Big reorganization of the whole manual to give it a simpler structure.

2004-04-21 14:33:05 +00:00 · 2004-04-21 14:33:05 +00:00 · 3229f68b5a
commit 3229f68b5a
parent b1cb24ff0a
48 changed files with 2837 additions and 13116 deletions
--- a/doc/ref/libguile-concepts.texi
+++ b/doc/ref/libguile-concepts.texi
@ -0,0 +1,379 @@
+@c -*-texinfo-*-
+@c This is part of the GNU Guile Reference Manual.
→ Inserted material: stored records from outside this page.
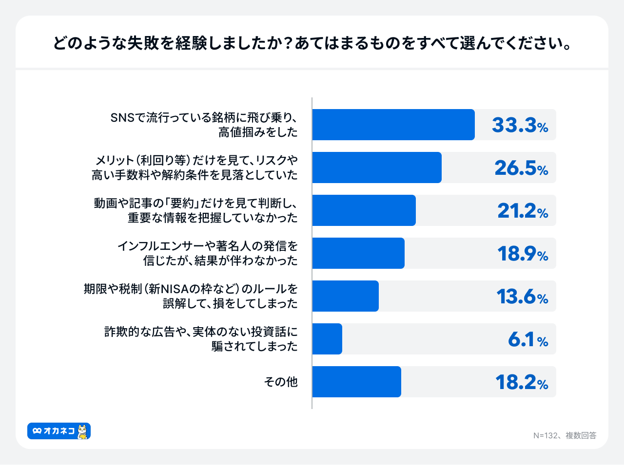 具体的な失敗内容は、「SNSで流行っている銘柄に飛び乗り、高値掴みをした」が33.3%で最多となり、次いで「メリットだけを見てリスクや手数料を見落としていた」26.5%、「動画や記事の「要約」だけを見て判断し、重要な情報を把握していなかった」21.2%と、時短重視の弊害が失敗に繋がっている状況も明らかになりました。
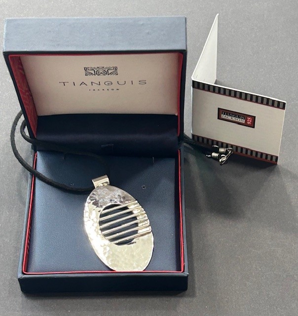 Our “Andrea” sterling silver statement pendant has been designed and crafted for the jewellery brand Tianguis Jackson. This substantial and heavyweight piece is everything you would expect from this quality brand. The pendant features hammered sterling silver and polished bar detailing. The pendant measures 63 mm in length and comes complete on an 18″ black suede thong necklace, finished with silver findings, making for a different look, but this can be changed to a more traditional silver chain if that is the look you prefer. The necklace will arrive presented in a Jangles branded gift box.
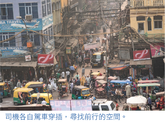 旅館在城市的舊區,樓房破舊。道路失修,路面很多破洞,沙塵滾滾。擠滿乘客的巴士殘舊不堪,像隨時會暴斃在兇猛的陽光下。除了大小車輛在趕路,路上還有大象和驢子拉着貨物,牛、羊和狗在路邊草叢裏找食物。很少交通燈,司機只能各自駕車穿插,拼命找前行的空間,險象環生。
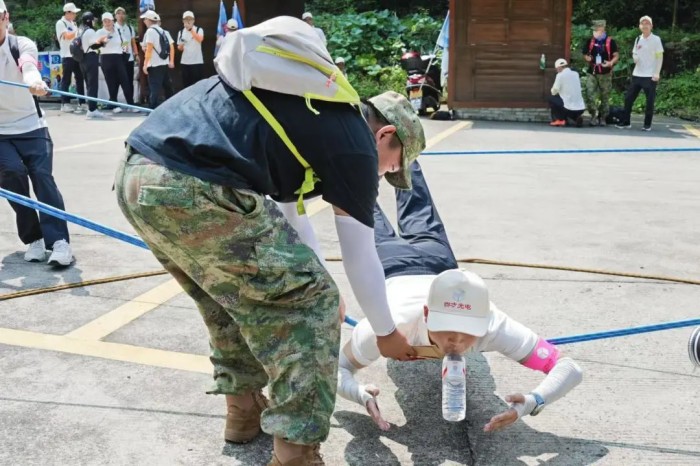出征儀式結束后,隊員們迎來本次淬煉之旅的第一個挑戰——清江方山8.5公里徒步。參訓人員互幫互助,克服山路、高溫、降雨等自然挑戰,直面懸崖玻璃棧道恐懼。行進中各支隊伍穿插完成多項團隊協作項目,在"雷區取水"中展現智慧與默契,在"穿越封鎖線"中培養信任與配合,通過"盲人方陣"磨練溝通技巧,借助"步步高升"提升協作能力。各支隊伍還圓滿完成了微電影拍攝任務,大家群策群力、各展所長,用鏡頭記錄下這段難忘的淬煉時光。

+@c Copyright (C)  1996, 1997, 2000, 2001, 2002, 2003, 2004
+@c   Free Software Foundation, Inc.
+@c See the file guile.texi for copying conditions.
+
+@page
+@node General Libguile Concepts
+@section General concepts for using libguile
+
+When you want to embed the Guile Scheme interpreter into your program,
+you need to link it against the @file{libguile} library (@pxref{Linking
+Programs With Guile}).  Once you have done this, your C code has access
+to a number of data types and functions that can be used to invoke the
+interpreter, or make new functions that you have written in C available
+to be called from Scheme code, among other things.
+
+Scheme is different from C in a number of significant ways, and Guile
+tries to make the advantages of Scheme available to C as well.  Thus, in
+addition to a Scheme interpreter, libguile also offers dynamic types,
+garbage collection, continuations, arithmetic on arbitrary sized
+numbers, and other things.
+
+The two fundamental concepts are dynamic types and garbage collection.
+You need to understand how libguile offers them to C programs in order
+to use the rest of libguile.  Also, the more general control flow of
+Scheme caused by continuations needs to be dealt with.
+
+@menu
+* Dynamic Types::               Dynamic Types.
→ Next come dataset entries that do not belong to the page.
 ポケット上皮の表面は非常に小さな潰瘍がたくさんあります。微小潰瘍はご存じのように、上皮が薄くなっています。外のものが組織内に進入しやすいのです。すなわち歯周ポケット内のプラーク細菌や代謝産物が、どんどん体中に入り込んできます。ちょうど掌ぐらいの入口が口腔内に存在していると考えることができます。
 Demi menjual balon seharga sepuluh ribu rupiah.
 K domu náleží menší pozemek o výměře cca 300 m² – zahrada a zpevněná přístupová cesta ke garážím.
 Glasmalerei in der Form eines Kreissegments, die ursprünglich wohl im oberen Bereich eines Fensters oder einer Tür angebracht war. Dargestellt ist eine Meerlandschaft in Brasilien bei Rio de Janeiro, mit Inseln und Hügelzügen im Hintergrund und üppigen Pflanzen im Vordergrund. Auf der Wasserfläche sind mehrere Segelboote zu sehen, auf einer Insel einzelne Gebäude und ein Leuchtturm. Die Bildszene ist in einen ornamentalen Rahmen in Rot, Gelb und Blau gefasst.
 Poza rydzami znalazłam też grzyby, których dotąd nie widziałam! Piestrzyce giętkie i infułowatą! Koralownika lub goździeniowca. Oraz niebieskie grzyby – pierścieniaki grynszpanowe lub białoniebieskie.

+* Garbage Collection::          Garbage Collection.
+* Control Flow::                Control Flow.
+@end menu
+
+@node Dynamic Types
+@subsection Dynamic Types
+
+Scheme is a dynamically-typed language; this means that the system
+cannot, in general, determine the type of a given expression at compile
+time.  Types only become apparent at run time.  Variables do not have
+fixed types; a variable may hold a pair at one point, an integer at the
+next, and a thousand-element vector later.  Instead, values, not
+variables, have fixed types.
+
+In order to implement standard Scheme functions like @code{pair?} and
+@code{string?} and provide garbage collection, the representation of
+every value must contain enough information to accurately determine its
+type at run time.  Often, Scheme systems also use this information to
+determine whether a program has attempted to apply an operation to an
+inappropriately typed value (such as taking the @code{car} of a string).
+
+Because variables, pairs, and vectors may hold values of any type,
+Scheme implementations use a uniform representation for values --- a
+single type large enough to hold either a complete value or a pointer
+to a complete value, along with the necessary typing information.
+
+In Guile, this uniform representation of all Scheme values is the C type
+@code{SCM}.  This is an opaque type and its size is typically equivalent
+to that of a pointer to @code{void}.  Thus, @code{SCM} values can be
+passed around efficiently and they take up reasonably little storage on
+their own.
+
+The most important rule is: You never access a @code{SCM} value
+directly; you only pass it to functions or macros defined in libguile.
+
+As an obvious example, although a @code{SCM} variable can contain
+integers, you can of course not compute the sum of two @code{SCM} values
+by adding them with the C @code{+} operator.  You must use the libguile
+function @code{scm_sum}.
+
+Less obvious and therefore more important to keep in mind is that you
+also cannot directly test @code{SCM} values for trueness.  In Scheme,
+the value @code{#f} is considered false and of course a @code{SCM}
+variable can represent that value.  But there is no guarantee that the
+@code{SCM} representation of @code{#f} looks false to C code as well.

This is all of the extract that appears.